Investors looking for a bargain and potential upside have strong buy stocks under $10 to consider. Investors should snap up companies that have value without sacrificing quality or growth.

A stock may trade at a deep discount because sellers are dumping it at the same time. A company’s quality does not change when the stock price falls to $10 or less.

Mutual fund managers may avoid stocks at that price. This gives retail investors an advantage. We may snap up those companies and wait for the stock market to recognize their worth.

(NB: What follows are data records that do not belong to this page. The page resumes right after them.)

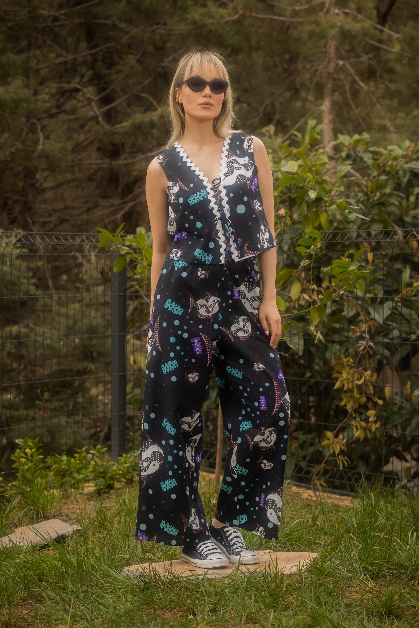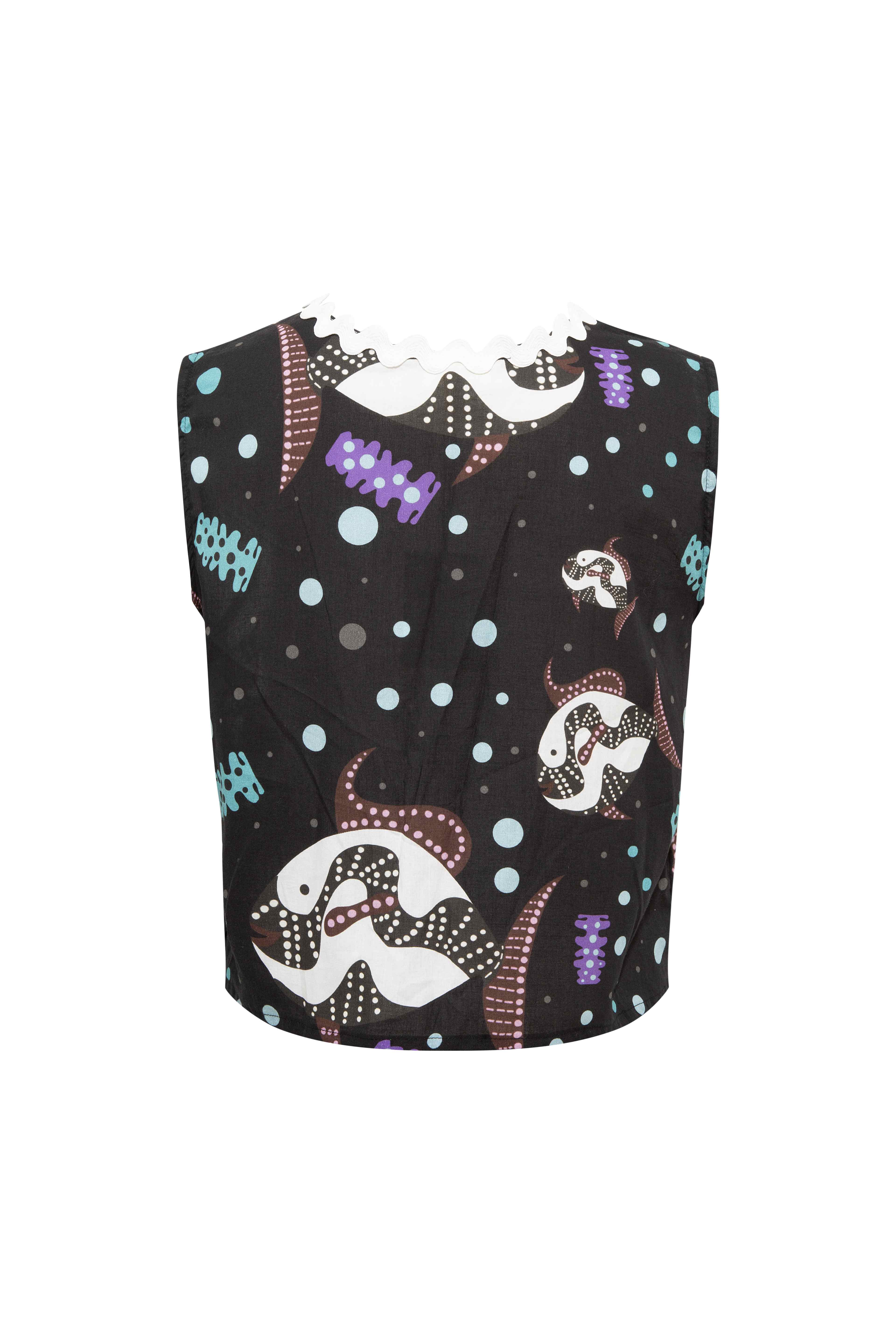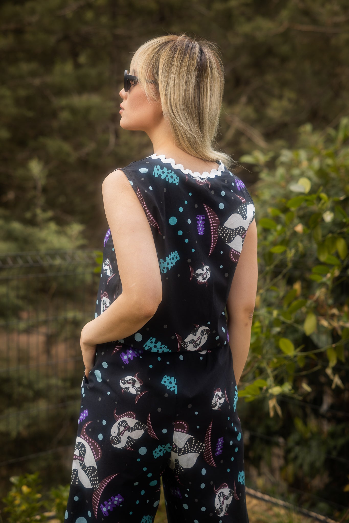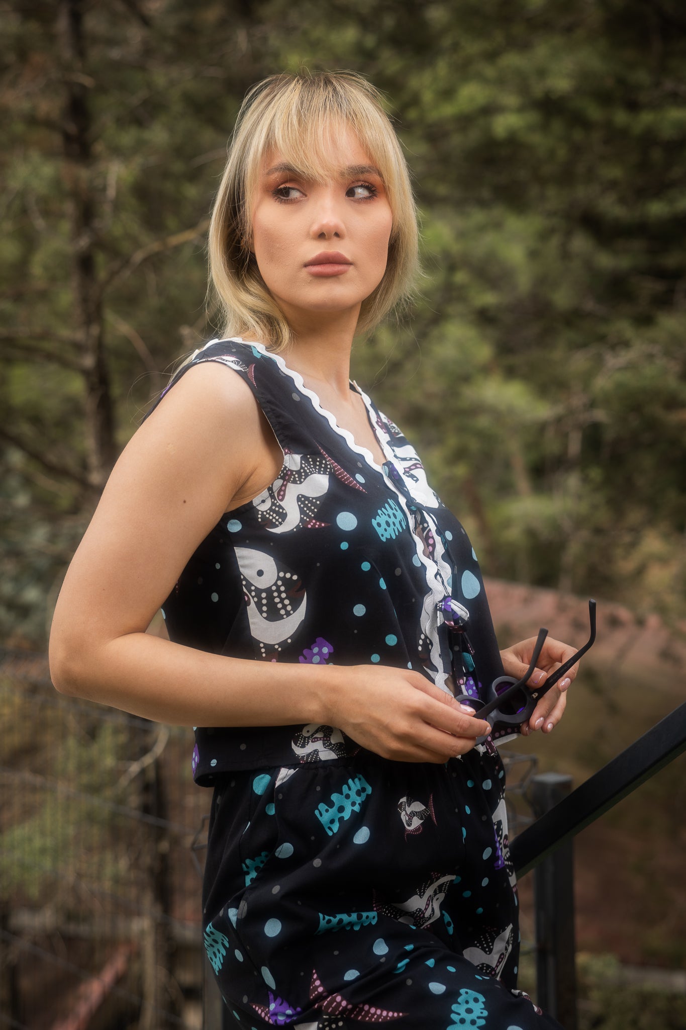 Siyah Balık Desenli Sırt Detaylı Bluz
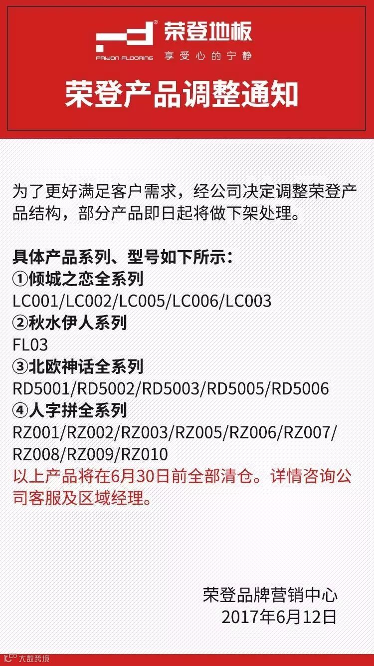重点通知——荣登产品调整通知
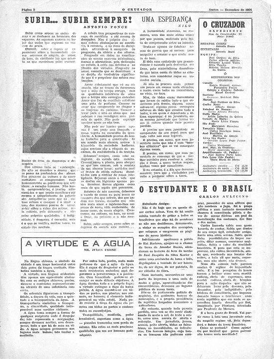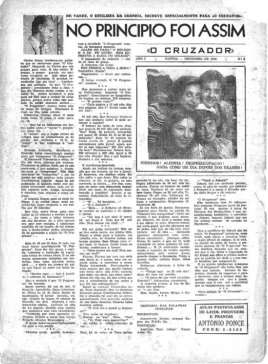 Em 1954 surgiu O Cruzador, "Jornal dos Estudantes para os estudantes", com redação na Rua Constituição, 331, em Santos, tendo como redator chefe Antonio Ponce e como secretário Antonio Datti. Na equipe da publicação, José Cardoso da Silva, Carlos Alberto Aulicino, Eduardo Leonel Vieira, Zélia Tanaka e Heloísa Helena Sérvullo da Cunha. Na última página do número 5, de dezembro de 1954, incluiu um texto do jornalista De Vaney.

For example, the market may not recognize its profit margin. The balance sheet may have favorably low debt/equity, all of those metrics matter to the investor. When the economy rebounds, those companies will post strong results sooner than their peers.

ABEV Ambev $2.64
ERIC Ericsson $5.38
HIMX Himax Technologies  $7.86
NOK Nokia $4.64
PBI Pitney Bowes $3.75
SIRI Sirius XM Holdings $3.72
TEVA Teva Pharmaceutical  $8.84

Ambev (ABEV)

Source: rafapress / Shutterstock.com

Ambev (NYSE:ABEV) is a Brazilian brewing company. In the last quarter, it reported revenue growing by 3.3%.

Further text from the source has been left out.